Boron nitride nanotubes (BNNTs) are the divas of the nanoworld. In possession
of alluring properties, they are also notoriously temperamental compared to
their carbon-based cousins.
Carpets of boron nitride nanotubes grown on a substrate by Yoke Khin Yap's research group
On the plus side, they can withstand incredibly high heat, well over 1,100
degrees Celsius, says Yoke Khin Yap, an associate professor of physics at Michigan
Technological University. "Carbon nanotubes would burn like charcoal
in a barbecue at half of those temperatures," he says. And the electrical
properties of BNNTs are remarkably uniform. Perfect insulators, boron nitride
nanotubes could be doped with other materials to form designer semiconductors
that could be used in high-powered electronics.

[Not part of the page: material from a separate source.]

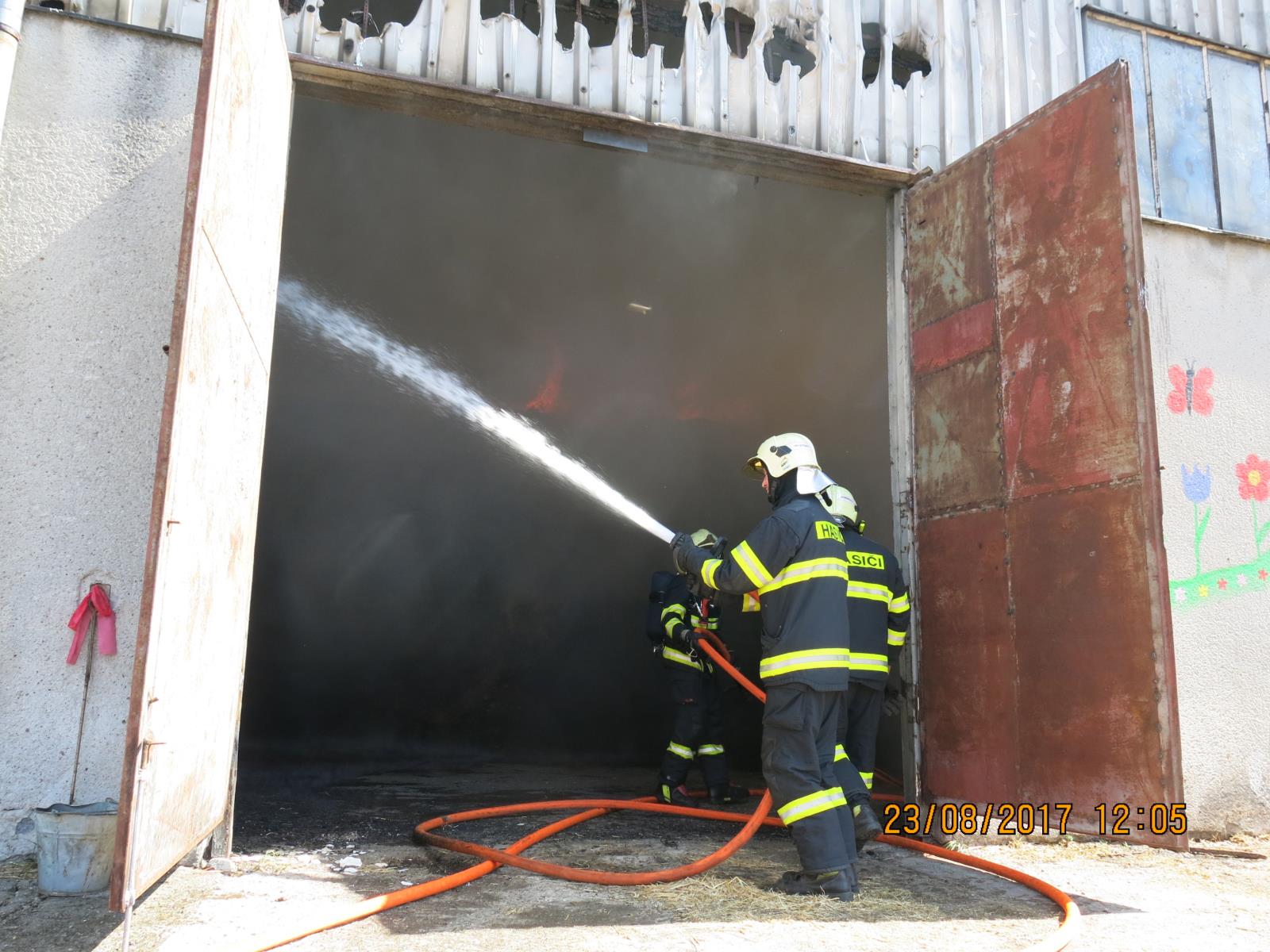 Zásah u požáru skladovací haly se slámou pokračuje i dnes.

Unfortunately, making nanotubes from boron and nitrogen is easier said than
done. "Making carbon nanotubes is simpler, like cooking," says Yap.
Boron nitride nanotubes, on the other hand, have always been fussy, requiring
special instrumentation, dangerous chemistry, or temperatures of over 1,500
degrees Celsius to assemble. Even at that, the products are shot through with
impurities.
"We've been stuck for more than 10 years because nobody could grow
them well on substrates," says Yap. "But now we can."

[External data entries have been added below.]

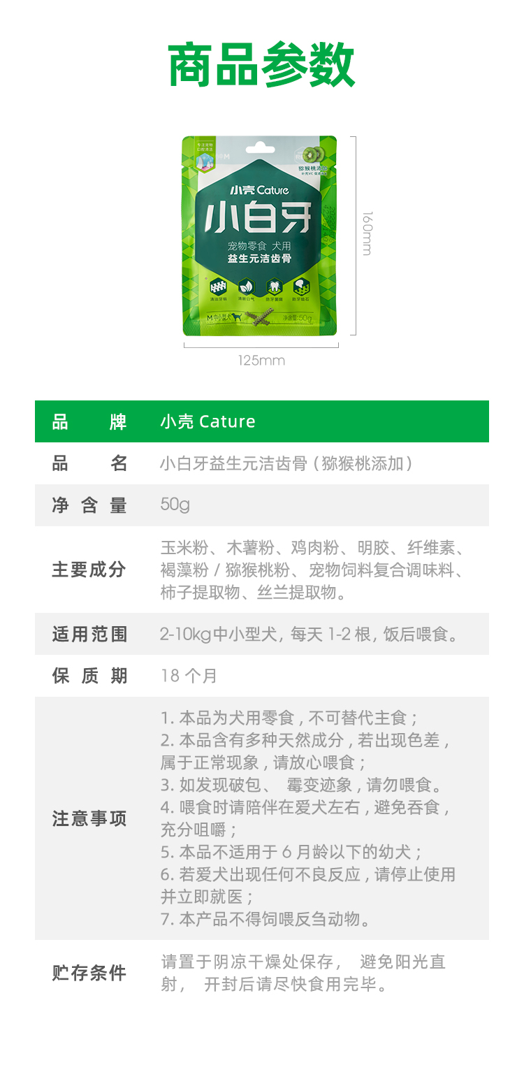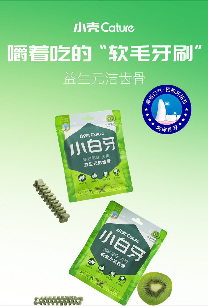 【壳币兑换】小白牙狗狗益生元洁齿骨试用装组合 50g/包(猕猴桃口味),限兑1份
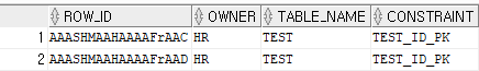 SELECT * FROM dba_constraints WHERE owner = 'HR' AND table_name = 'TEST';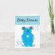 Urso azul bonito com pequenas bolhas azuis no fundo sotaque este chá de fraldas. Avise seus amigos e família sobre o grande evento.

As it turns out, boron nitride nanotubes just needed a little encouragement.
Yap and his team have grown virtual Persian carpets of the tiny fibers on a
substrate made from simple catalysts, magnesium oxide, iron or nickel. And they
have managed it using the same instrumentation for growing carbon nanotubes,
at about 1,100 degrees Celsius. And, their quality is perfect,.the present work.
"I hope this encourages more researchers to grow BNNTs using the new technique,"
said Yap.
The boron nitride nanotubes can be made to assemble exclusively on these catalysts,
so the researchers can control precisely where they grow. "You could write
'Michigan Tech' in nanotubes," says Yap.
These transparent nanotube sheets have another interesting property: they shed
water like a duck's back, a quality known as the lotus effect. "Water
just slides away," he says. "Anything coated with it would not only
be stain resistant, it would be protected from anything water-soluble."
This superhydrophobicity holds at all pH levels, so anything coated with it
would be protected from even the strongest acids and alkalies.
The research was funded through a National Science Foundation Career Grant.
A paper detailing Yap's discoveries, "Patterned Growth of Boron
Nitride Nanotubes by Catalytic Chemical Vapor Deposition," has been published
online by the journal Chemistry of Materials.
Yap is the editor of the book "B-C-N Nanotubes and Related Nanostructures,"
the first book on nanostructures constructed from one or multiple elements using
boron, carbon, and nitrogen. He was the lead organizer of the Nanotubes and
Related Nanostructures Symposium at the 2009 Materials Research Society Fall
Meeting on.